### Aim of the task
Make an exact copy, from the records below, of the lines from the line containing "会上,李江书记和俞涛校长为荣" to the line containing "người Ấn Độ. |", both lines included, excluding pictures.

### Source data

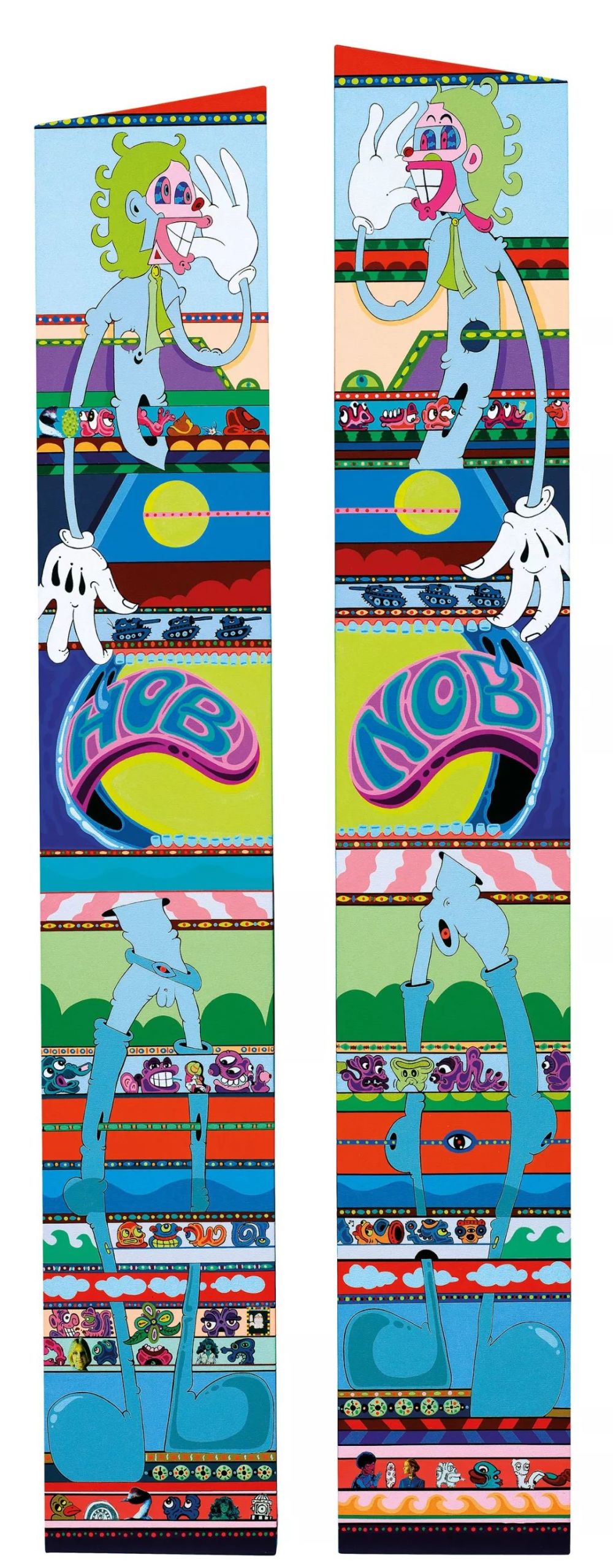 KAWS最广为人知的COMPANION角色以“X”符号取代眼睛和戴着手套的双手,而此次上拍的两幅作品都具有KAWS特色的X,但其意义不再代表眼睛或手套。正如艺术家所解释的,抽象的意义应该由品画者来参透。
--
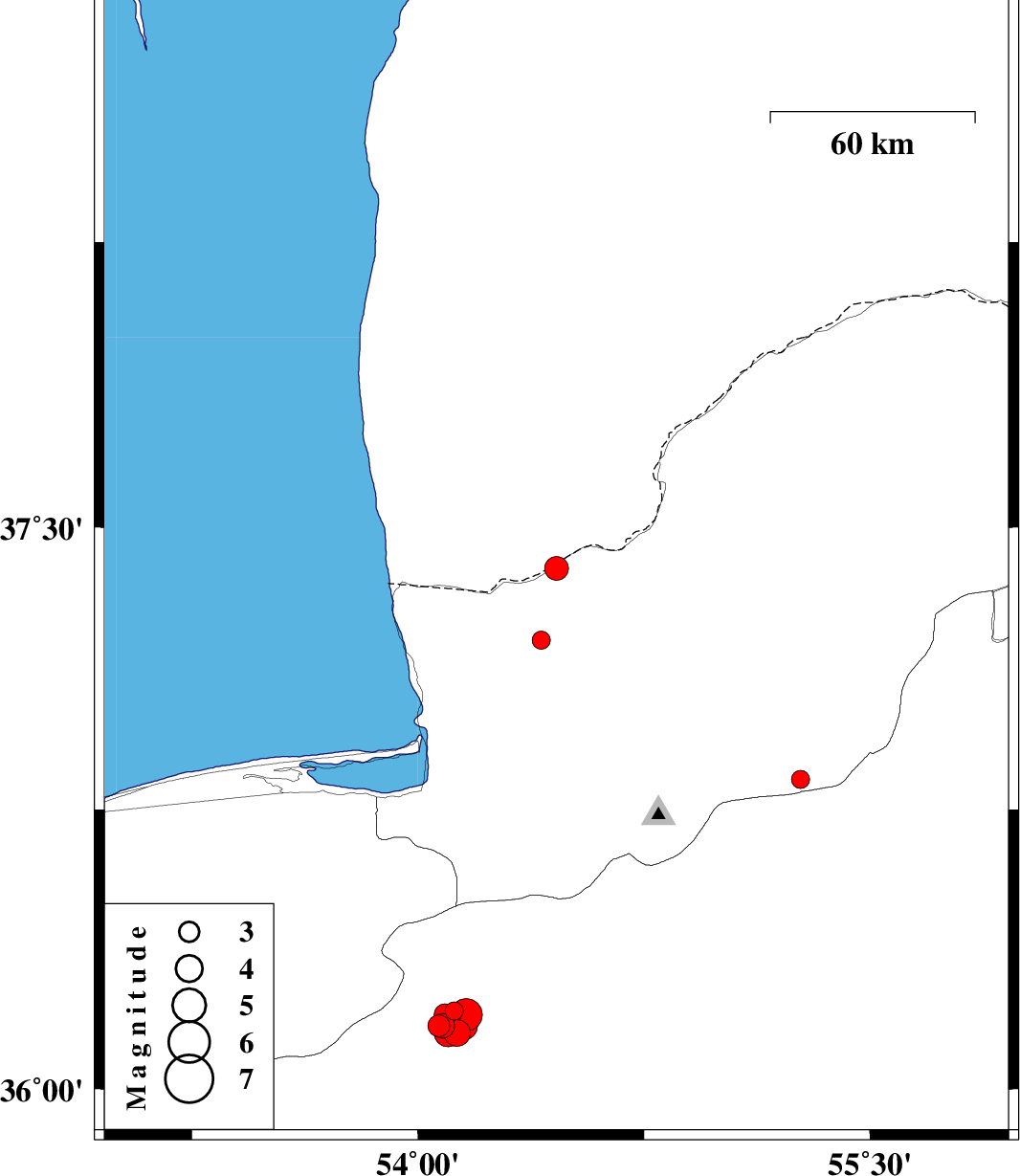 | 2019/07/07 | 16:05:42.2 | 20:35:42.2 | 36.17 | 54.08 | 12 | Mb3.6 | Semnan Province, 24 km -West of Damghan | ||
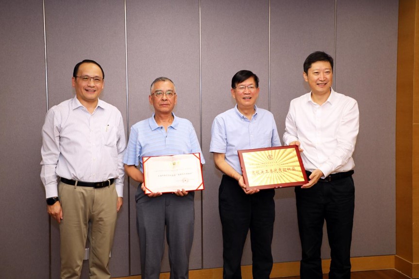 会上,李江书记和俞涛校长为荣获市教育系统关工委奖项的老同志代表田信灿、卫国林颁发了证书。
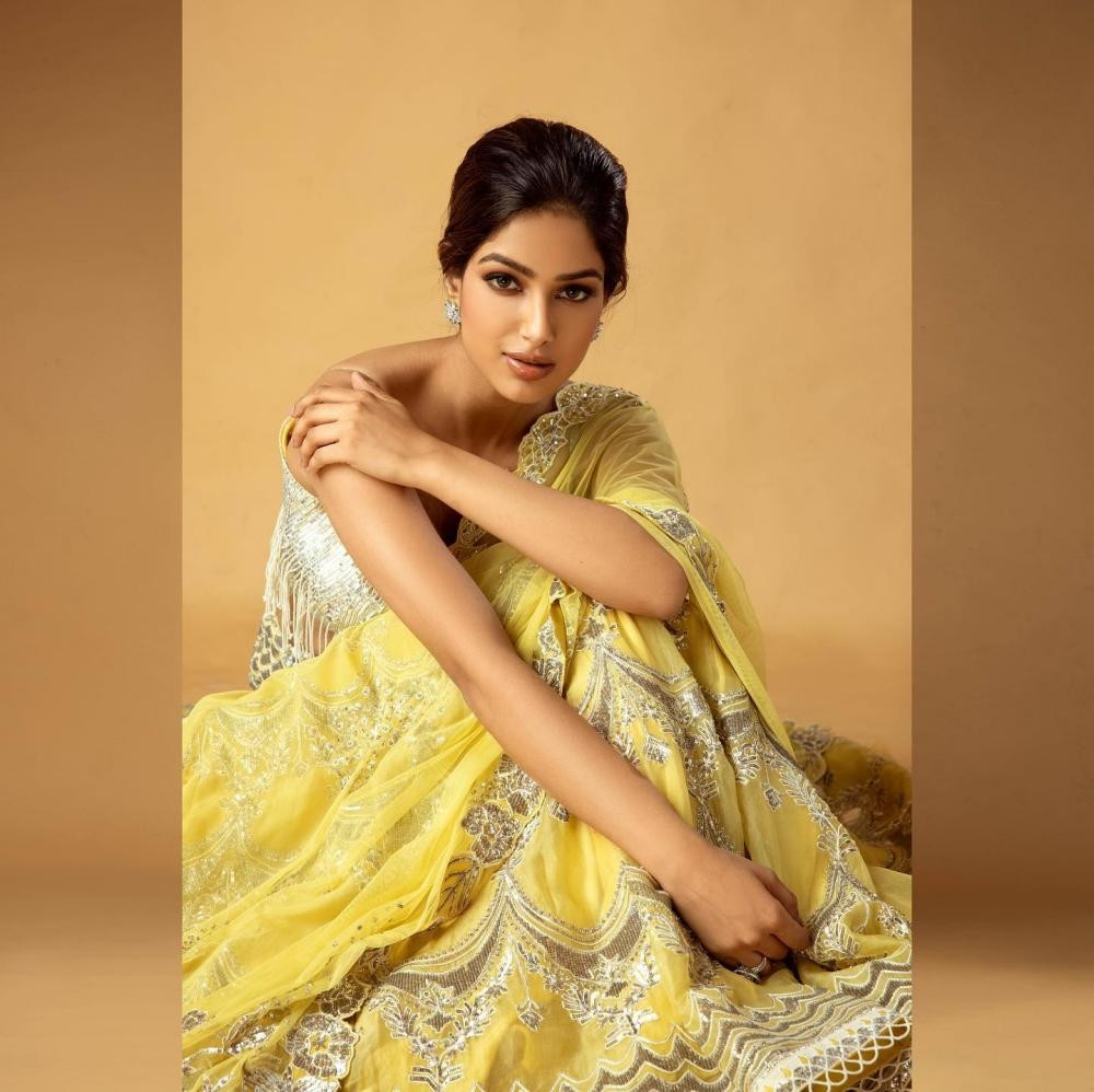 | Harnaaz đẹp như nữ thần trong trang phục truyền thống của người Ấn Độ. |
--
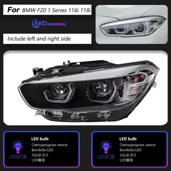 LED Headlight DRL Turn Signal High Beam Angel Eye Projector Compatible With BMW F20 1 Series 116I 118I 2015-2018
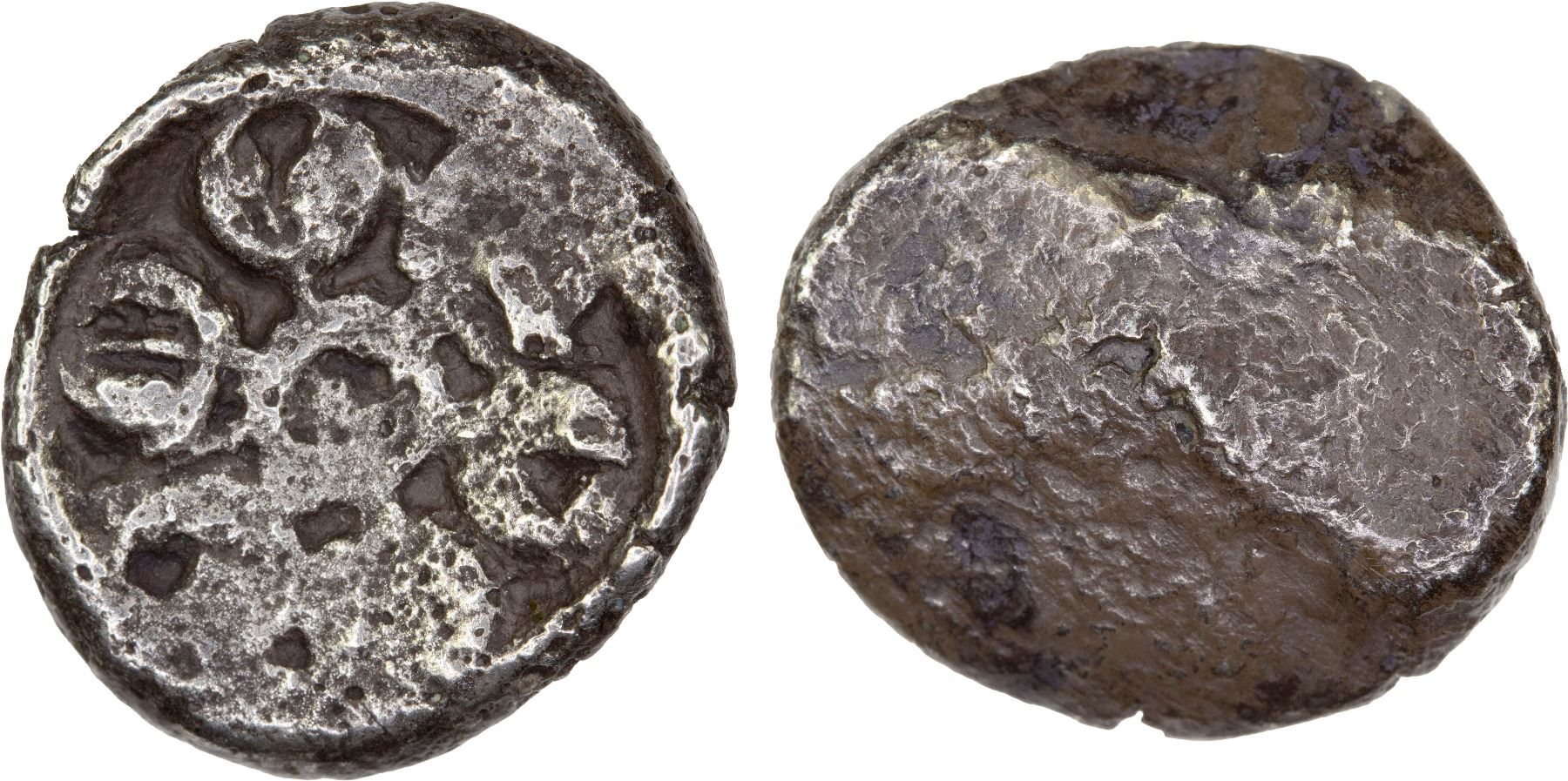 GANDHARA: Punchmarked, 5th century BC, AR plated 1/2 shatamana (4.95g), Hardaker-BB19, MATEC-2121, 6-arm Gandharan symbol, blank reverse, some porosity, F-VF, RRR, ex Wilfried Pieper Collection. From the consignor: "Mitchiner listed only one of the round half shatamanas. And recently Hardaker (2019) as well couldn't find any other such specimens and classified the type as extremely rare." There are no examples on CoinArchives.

### Exercise answer
 会上,李江书记和俞涛校长为荣获市教育系统关工委奖项的老同志代表田信灿、卫国林颁发了证书。
 | Harnaaz đẹp như nữ thần trong trang phục truyền thống của người Ấn Độ. |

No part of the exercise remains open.